Генералу предстояло принять участие в своего рода судебном заседании по делу императрицы У-хоу, где должны собраться самые авторитетные лица империи. Для них, занимавших высокие должности, но совершенно беспомощных перед супругой Гао-цзуна, это была единственная возможность выплеснуть накопившиеся раздражение и гнев. Влияние императрицы на мужа не ослабевало, а сам он становился все слабее и непоследовательнее.

Между почтенными государственными деятелями царила непримиримая вражда, но общая ненависть к императрице обрела мощь, превосходившую по силе разногласия и соперничество. Среди приглашенных были министр шелка Очевидная Добродетель, префект Ли, главный секретарь администрации Линь-ши, дядя госпожи Ван, бывшей супруги императора Гао-цзуна, и главный канцлер Хань-юань.

— Ты, должно быть, сошел с ума, если выпустил одновременно указы про манихеев и несториан! — заявил старый генерал главному канцлеру.

— Императрица была в ярости, — ответил тот. — Она бросилась к Гао-цзуну, но слишком поздно. К счастью, коронованный тюфяк подписывает все, что ему приносят. Но мне пришлось выдержать жестокую битву! — гордо воскликнул Хань-юань.

— Дела творятся все более удивительные, — заметил генерал Чжан. — Теперь у нее странное пристрастие к подозрительному оборванцу, прибывшему в Чанъань с белым слоном! И это при том, что она беременна… как считается, ребенком императора… У этой женщины поистине нет головы!

— После короткого общения с ним у нее возникло ощущение, что она летает на маленьком облаке, — фыркнул главный секретарь администрации. Когда он говорил, крошечная бородка тряслась на тощем подбородке, ведь Линь-ши был настолько же сухопарым, насколько Хань-юань толстым. — Не смейтесь! Она сама так сказала! Никто не знает, откуда он взялся и чего желает.

— Она сама отправилась на рынок для встречи с этим Безумным Облаком! — сообщил префект Ли. — Он в течение трех дней сидел почти полностью обнаженный в позе лотоса, ничего не ел и не пил, а рядом стоял слон. К нему приходят всякие жаждущие исцеления. Даже подрались между собой, не поделив очередь к «чудотворцу».

— А что, он уже кого-нибудь исцелил?

— Не знаю, — поморщился префект. — Всегда найдутся кликуши, которые будут кричать, что исцелились. Я убежден, что это шарлатанство.

— Ходят слухи, что он обладает уникальными дарованиями, едва ли не бессмертием, — нервно потирая руки, внес свою лепту в разговор министр шелка Очевидная Добродетель.

— Едва ли он является одним из даосских бессмертных! — возразил главный канцлер.

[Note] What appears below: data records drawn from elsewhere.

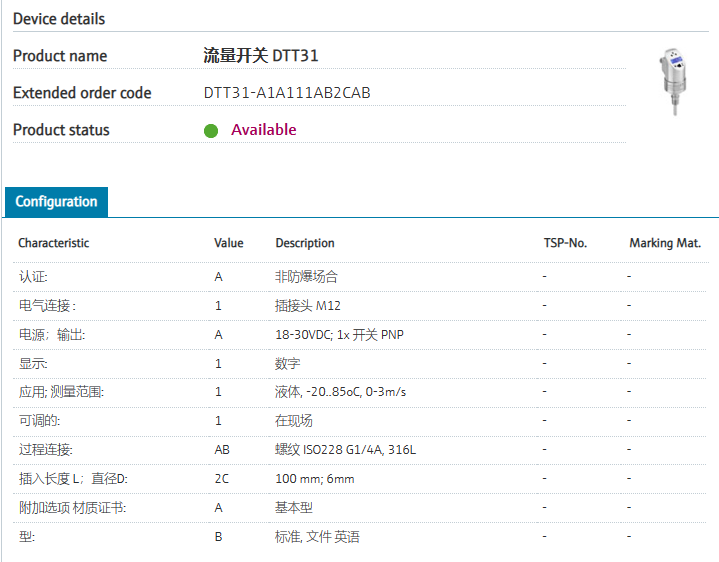 DTT31-A1A111AB2CAB 扩展订货号 DTT31-A1A111AB2CAB 名称 流量开关 DTT35 基本描述 智能流量开关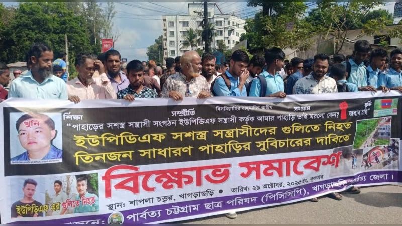 ইউপিডিএফের সশস্ত্র সন্ত্রাসীদের গুলিতে নিহত তিনজন সাধারণ পাহাড়ি যুবক হত্যার সুবিচারের দাবিতে বিক্ষোভ মিছিল ও সমাবেশ করেছে পার্বত্য চট্টগ্রাম নাগরিক পরিষদ খাগড়াছড়ি জেলা শাখা।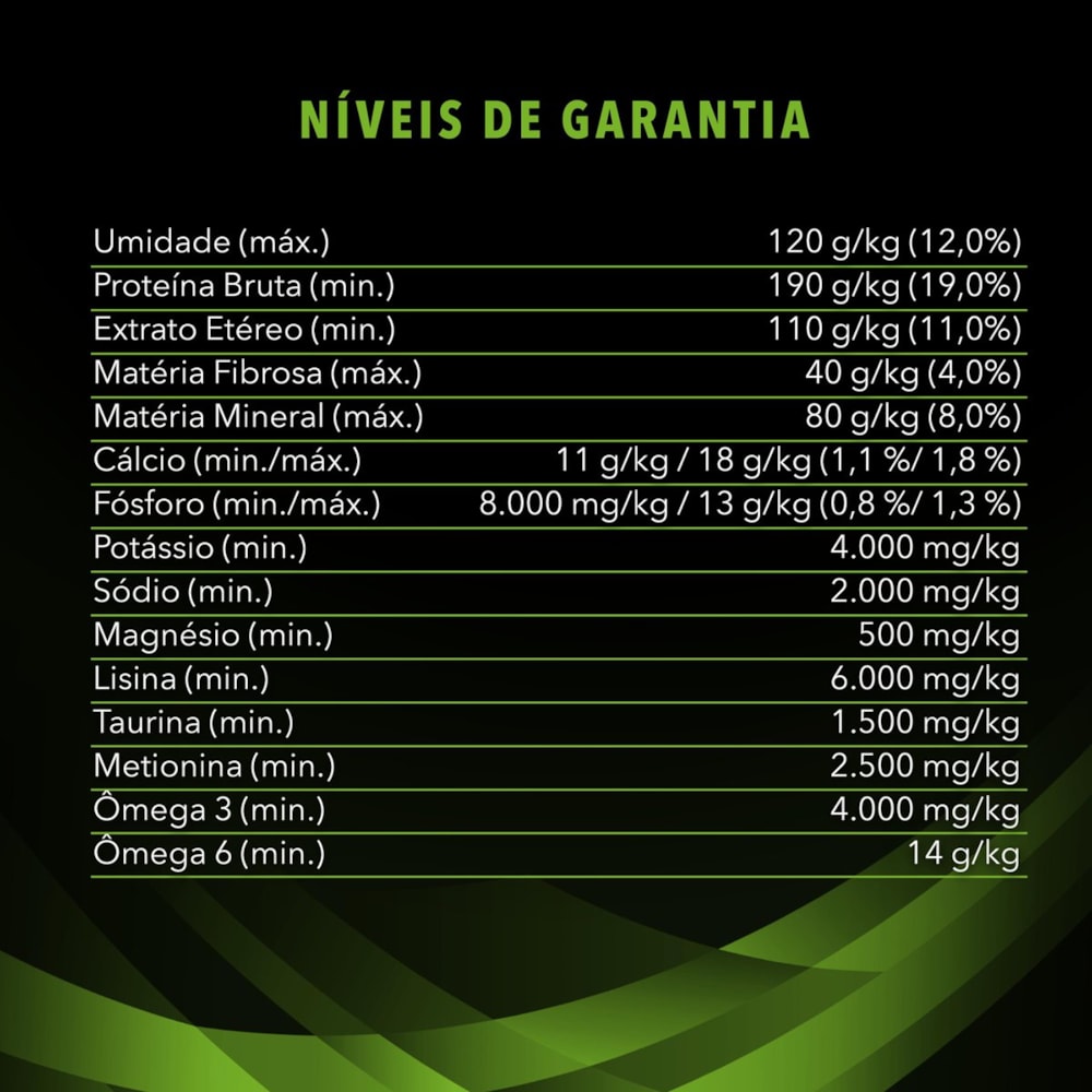 comum), cloreto de potássio, carbonato de cálcio, fosfato bicálcico, hidrolisado de fígado de ave e suíno, L-Lisina,
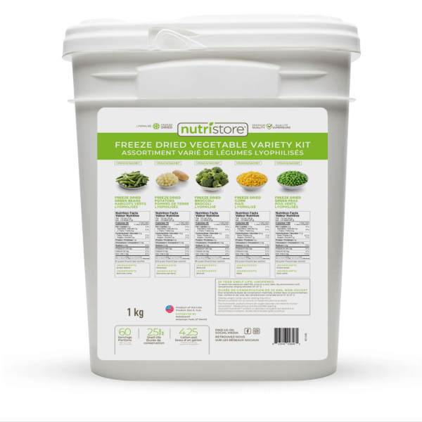 The Nutristore™ Freeze-dried Vegetable Variety Bucket is the perfect assortment of delicious veggies. Each bucket provides 60 half cup servings of healthy and nutritious vegetables and offers a 25 year shelf life.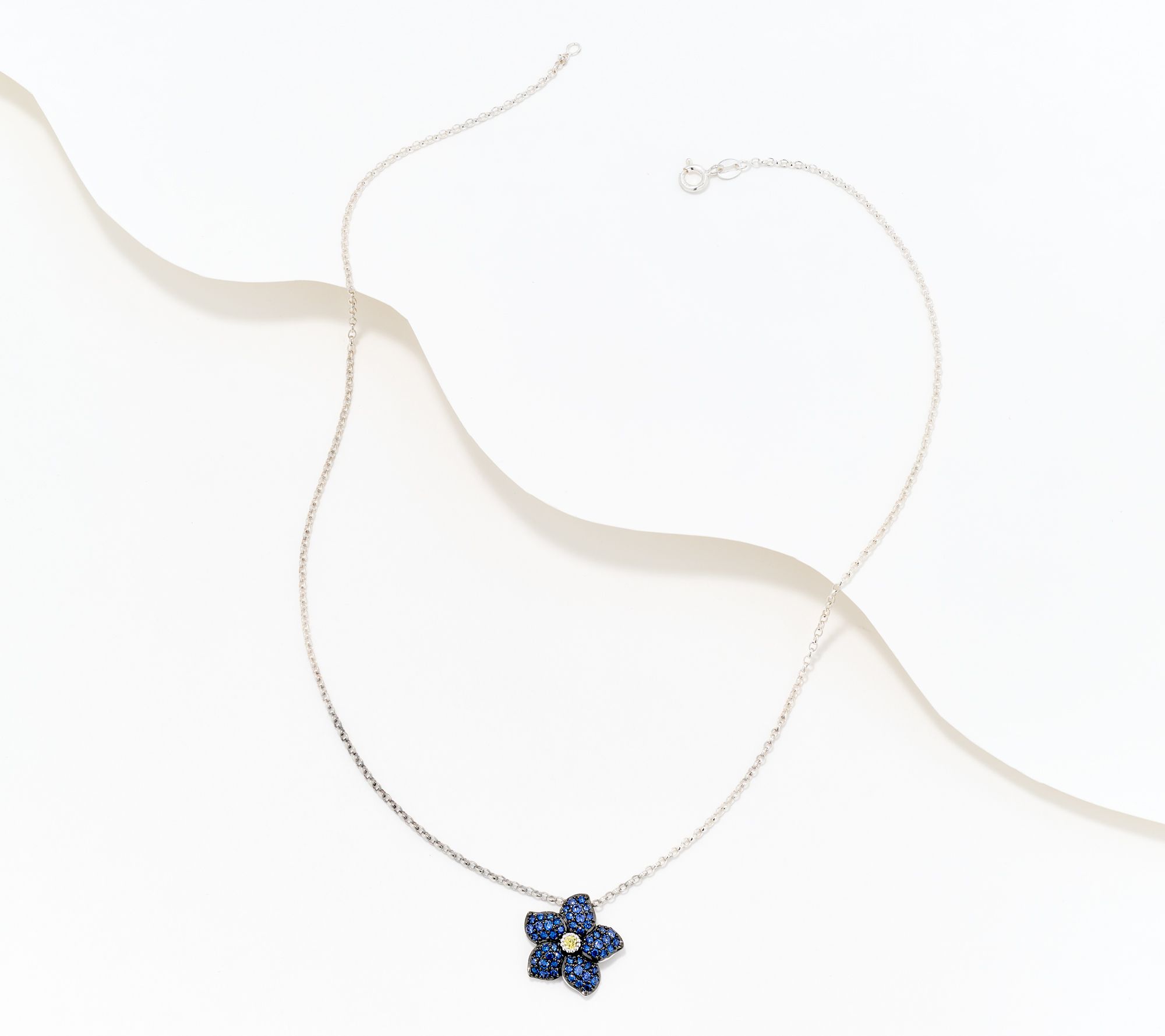 • Forget-me-not motif with simulated sapphires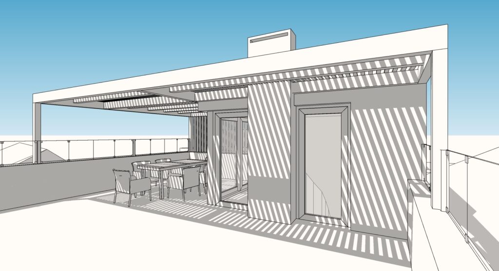 O terraço na cobertura será um espaço de fruição, com vista de 360º. A integração de uma pérgula trará o sombreamento necessário aos dias de verão - situação caracterizada na fase de licenciamento e no projeto de execução.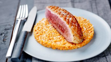 Magret de Canard Fermier des Landes fumé au foin, lentilles corail comme un risotto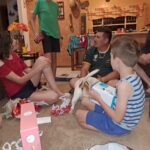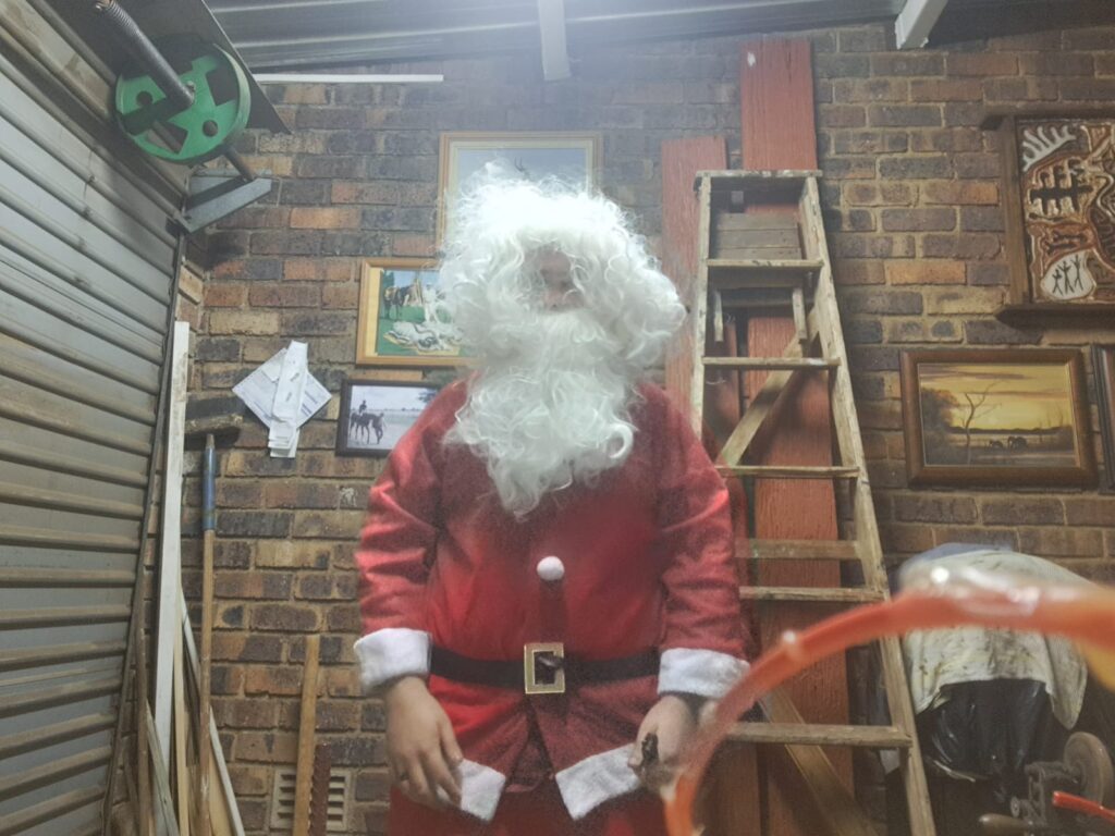 Bonnie, Surika en Mariska sal die week voor die tyd plannetjies beraam oor hoe werk die etery (lees vretery) wie bring wat en wie doen wat. Geskenke word gekoop en iemand is Vader Kersfees. (gewoonlik Timothy) Die probleem is nou die kinders raak groot, en hulle glo mos nie altyd soos hulle groter word meer in Vader Kersfees nie. Miya glo seker nou al so drie of 4 jaar lank nie meer in Vader kersfees nie. (Miskien langer, ek dink persoonlik sy het ons so ‘n jaar of twee voor dit gespeel) Laasjaar was dit nog net Owen wat gedink het Timothy is regtig Vader Kersfees.

— Она все время окружает себя какими-то сомнительными колдунами и магами, один хуже другого! Вчера это был тип, который утверждал, что способен определить характер человека по его лицу! В другой раз при ней был даосский знахарь, якобы изготовлявший порошок из нефритовых плодов дерева, что растет на Островах Бессмертных! Сегодня появился этот просветленный с белым слоном! Завтра найдется шаман из дикого племени или кто-нибудь еще! — вскипел старый генерал.

— Эта женщина обладает особым даром притягивать авантюристов. Вспомните того странного колдуна-даоса, лечившего с помощью иглоукалывания! Молва уверяла, что он был допущен в частные покои императрицы! Нет, это просто возмутительно! — заявил Линь-ши.

— Все это плохо кончится! — согласно кивнул министр шелка.

— Будьте осторожны! Она гораздо более зловредна, чем вы все можете себе только вообразить! Ей хватило хитрости объявить, что она глубоко уважает конфуцианских ученых и хочет вступить в их круг! А ведь каждый знает, что на самом деле она их презирает! — Линь-ши удрученно вздохнул.

Все в изумлении посмотрели на гладкое, женственное лицо секретаря с высоко выбритым лбом, над которым волосы были собраны в пучок и заплетены, как принято у чиновников, отчего физиономия казалась еще более узкой и длинной.

— Войти в круг ученых?! Может, имеются в виду антологии стихов, написанных женщинами, претендующими на образованность, которые она приказала составить в Академии Северных врат? Это же нелепость! — взревел бывший премьер-министр.

— Может быть, это и нелепо, мой генерал, но весьма действенно! Она задала работу архивистам, писцам и копиистам на добрые полгода, а вся эта братия вечно жалуется на нехватку денег; более того, она не только заплатила им, но еще и рассыпалась в комплиментах их мастерству и учености. Мои агенты отметили существенное изменение взглядов на У-хоу в этой среде. Они не только больше не бранят ее, но откровенно восхищаются! — спокойно ответил раздраженному генералу префект Ли.

— Хорошенькое дело! В два взмаха кистью она заставила ученых мудрецов полностью сменить точку зрения! — вскинулся Линь-ши, и его длинная косичка хлестнула по расшитой золотом одежде.

— Тут уже речь идет не о кисти, а о тьеби,[51] — невозмутимо заметил префект Ли.

— А если мы заявим Гао-цзуну, что поведение его супруги недостойно титула императрицы? — Главный секретарь переводил взгляд с одного участника беседы на другого.

— Не стоит особо рассчитывать на императора. Он сделал вид, что вообще ничего не заметил, когда Главная инспекция самым деликатным образом пыталась удалить из дворца посторонних людей, размещенных там императрицей. Он постоянно болеет и совершенно устранился от забот государства. Интересуется только молоденькими девочками, — недовольно произнес префект Ли.

— Вот это новость! Посторонние лица? В императорском дворце? Не может быть! — Хань-юань был потрясен больше всего тем, что его вечный соперник префект Ли располагал столь важными сведениями, о которых сам он не имел понятия.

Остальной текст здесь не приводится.